The dish that I'm referring to are the absolutely delicious crab cakes which have been Luma's staple since they first opened. You can get one in an appetizer or 2 in an entree. I just had one again on a recent dinner and it was just as good as I remembered. Big fat pieces of crab, lightly baked with a red onion caper sauce. Seems simple but they're just magical.
I still think it's somewhat of an aberrancy of nature that Luma serves the best crab cakes that I've ever had: better than anything that I've had in Baltimore or Boston. How is this possible in Pittsburgh you may ask? Don't know, but I am hardly alone in my assessment. Every person I know who's tried Luma's crab cakes has told me that they're the best they've ever had.
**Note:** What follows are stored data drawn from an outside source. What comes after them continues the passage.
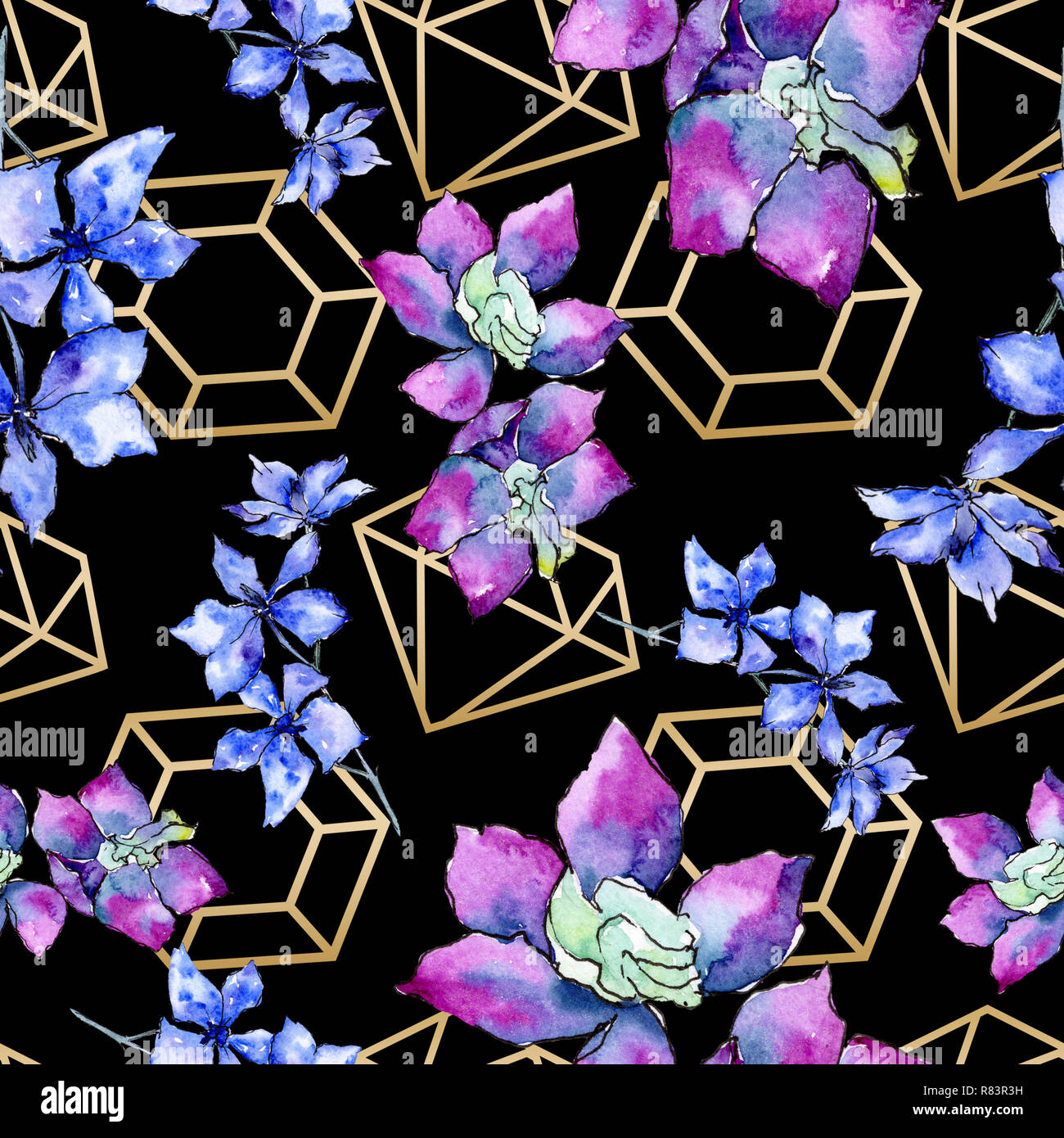 Purple Orchid Flower Floral Botanical Flower Seamless Background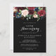 Este convite de aniversário de 50 anos de casamento botânico preto rústico é perfeito para uma celebração de casamento clássico. O design apresenta flores pintadas à mão radiantes e graciosas em burgundy, vermelho, azul-marinho, azul e blush em um fundo preto, inspirando beleza natural.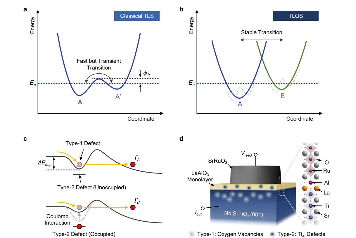 TiAl 결함에 전자가 일시적으로 포획되면 주변 산소 공공(VO)의 에너지 준위가 순간적으로 변하며, 이는 결과적으로 이산적인 터널링 전류의 변동을 유도한다. 이러한 구조는 실온에서도 169초 이상 안정적으로 유지되는 이산 전류 요동을 보였고, 1년 이상 안정적으로 동작했다.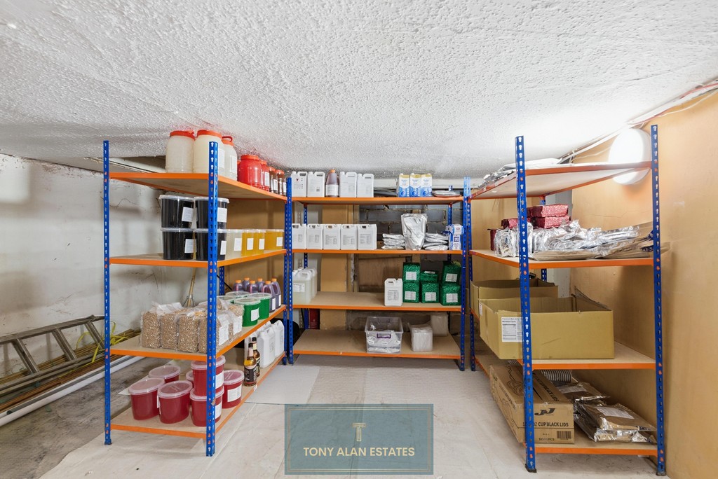 The property occupies both the ground floor and basement and benefits from electric shutters leading directly into the main service area. To the rear of the unit is a storage/preparation room, providing practical back‑of‑house space.

Unfortunately, pretty much everything else on the menu falls short in comparison. It's all OK, but everything fails to reach the heights of the crab cake. On a recent dinner, after devouring my crab cake app, my entree was duck with butterscotch gnocci. The duck was delicious, but the butterscotch was a fail. Duck naturally pairs with sweeter flavors, but this was entirely too sweet. I should have seen it coming, but I thought it sounded cool. The gnocci was so sweet it was inedible for an entree (but might have been an OK dessert).
Luma still has a "twenty wines for twenty bucks" list. Actually, I think it's now 22 wines for 22 bucks. Sounds like a deal, but each wine tastes like a 6 or 7 dollar bottle of wine so it's really not worth it. They do have nicer wines which are marked up 3-4 times.
If you've been around as long as Luma has, clearly you're doing something right. The place was packed when we dined recently on a Saturday night. As long as they keep serving those amazing crab cakes, Luma will easily be around another 10 years.